Я не нашёл, что ответить. Потому что это — правда. Ленка жила на алиментах лучше, чем Валя со мной. И Валя считала это — нормальным. Эталоном. Тем, к чему надо стремиться.
— Валя, — сказал я устало, — я предлагаю тебе дом. Квартиру, в которой есть всё: тепло, свет, еда. Где ты можешь жить, не платя ни копейки. Где я работаю, а ты… — я запнулся.
— А я что? — она подняла бровь. — Сидю? Сижу. А что мне делать? Работать? За тридцать тысяч? Чтобы смена была, как у тебя? Нет, Никит. Это не мой уровень.
— А какой твой уровень?
— Мой уровень — это когда муж обеспечивает. Полностью. Чтобы я не работала, а жила. Чтобы Мальдивы — каждый год. Чтобы шуба — не с рынка, а из бутика. Чтобы машина — не твоя ведро, а нормальная. Учти, босяк мне не пара.
— Моя машина не ведро.
— Никит, «Волга» — это ведро. Прости.
Я не был оскорблён. Я был раздавлен. Не потому что она обидела машину — плевать на машину. А потому что она говорила это легко, как будто била не по мне, а по воздуху. Как будто не понимала, что каждый её удар — попадает.

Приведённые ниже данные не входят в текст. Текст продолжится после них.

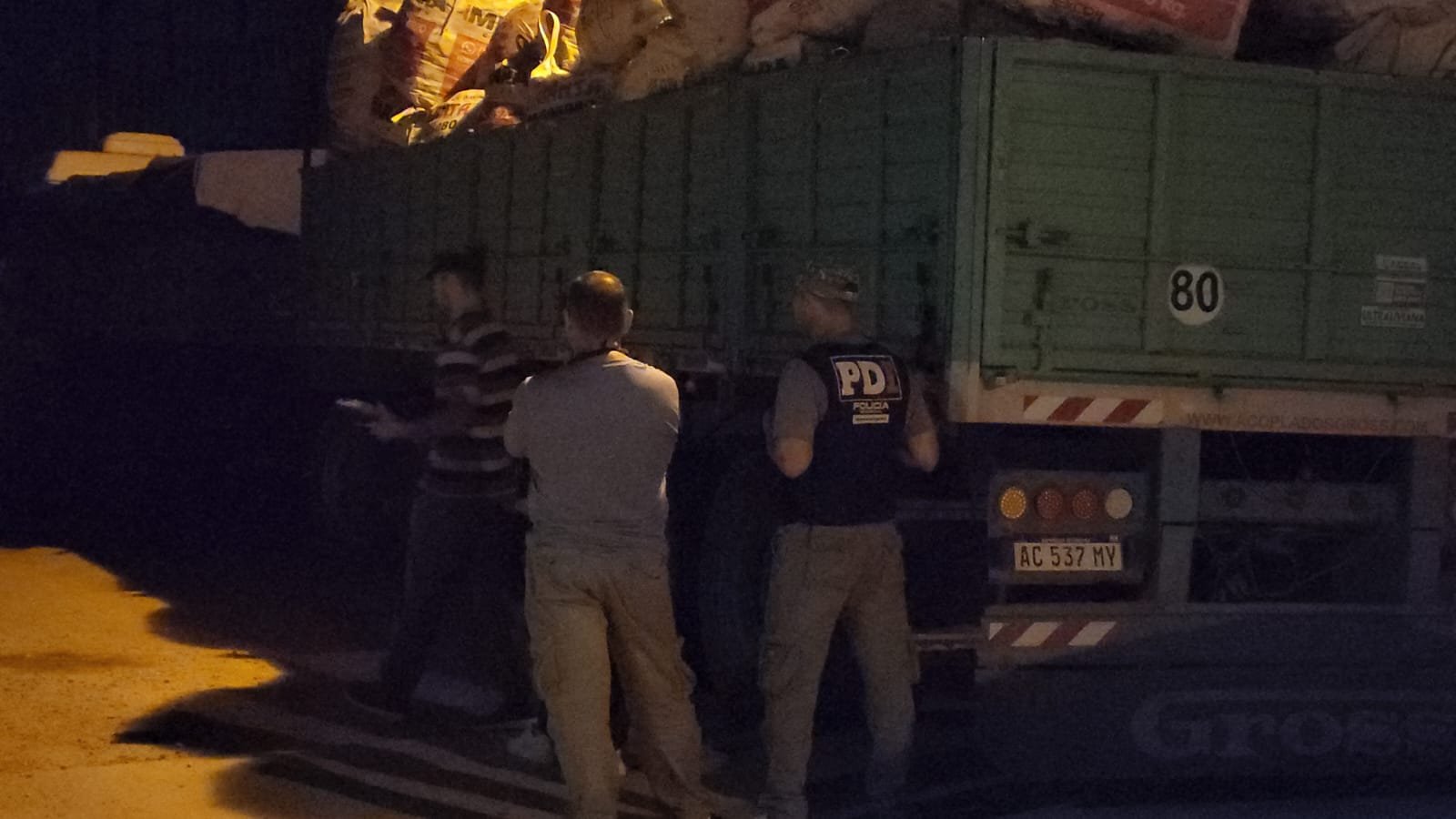 “Anoche comenzaron a realizarse por parte del personal de PDI bajo la dirección de la Fiscal Lorena Corakis, diligencias investigativas que finalizaron con el secuestro de un camión con un cargamento muy importante sobre el cual se está trabajando en estas horas de parte del personal policial que comanda el Comisario Secotti. Se han detenido a dos personas”.

Ультиматум она выдала в четверг, после того как я принёс зарплату. Триста тысяч — наличными, я привык так, по старинке. Положил на стол, как обычно: «Вот, Валя. Это — на хозяйство. Я оставлю себе на проезд и обеды, остальное — твоё».
Она пересчитала. Медленно. Будто не верила.
— Триста, — сказала она. — Триста тысяч. В месяц. За это я должна жить.
— Валя, это хорошие деньги.
— Это — нищета, Никит. В Москве врачи получают больше.
— Мы не в Москве.
— Вот именно. И я не в Москве. А хочу — в Москве. Хочу — на Бали. Хочу — везде. А не тут, с тобой, в этой квартире, на эти деньги.
Она села напротив, сложила руки на столе и посмотрела мне в глаза. Так смотрят, когда говорят серьёзно. Когда уже решили.
— Слушай, — сказала она. — Я скажу один раз, и ты запомни. Если через полгода ты не будешь зарабатывать хотя бы миллион — ну, пусть полтора, — я ухожу. Всё. Развод. Не развод — мы же не расписаны. Уход. Я найду нормального мужика, с деньгами, и буду жить, как человек. А не как… — она оглядела кухню, — …как это.
— Как «это»? — я тоже оглядел кухню. Чисто. Тёплый свет. На столе — скатерть, которую я купил на прошлой неделе. На подоконнике — цветок, который я поливаю каждое утро. Кухня — нормальная. Моя. — Это — моя квартира. И в ней всё нормально.
— «Нормально»! — она рассмеялась. — Ты всё говоришь — нормально. Как мантра. Нормально, нормально, нормально. Тебе нормально — а мне скучно. Мне тесно. Мне — мало. Понял? Мало.
— И что, по-твоему, я должен сделать? Бросить медицину и открыть бизнес?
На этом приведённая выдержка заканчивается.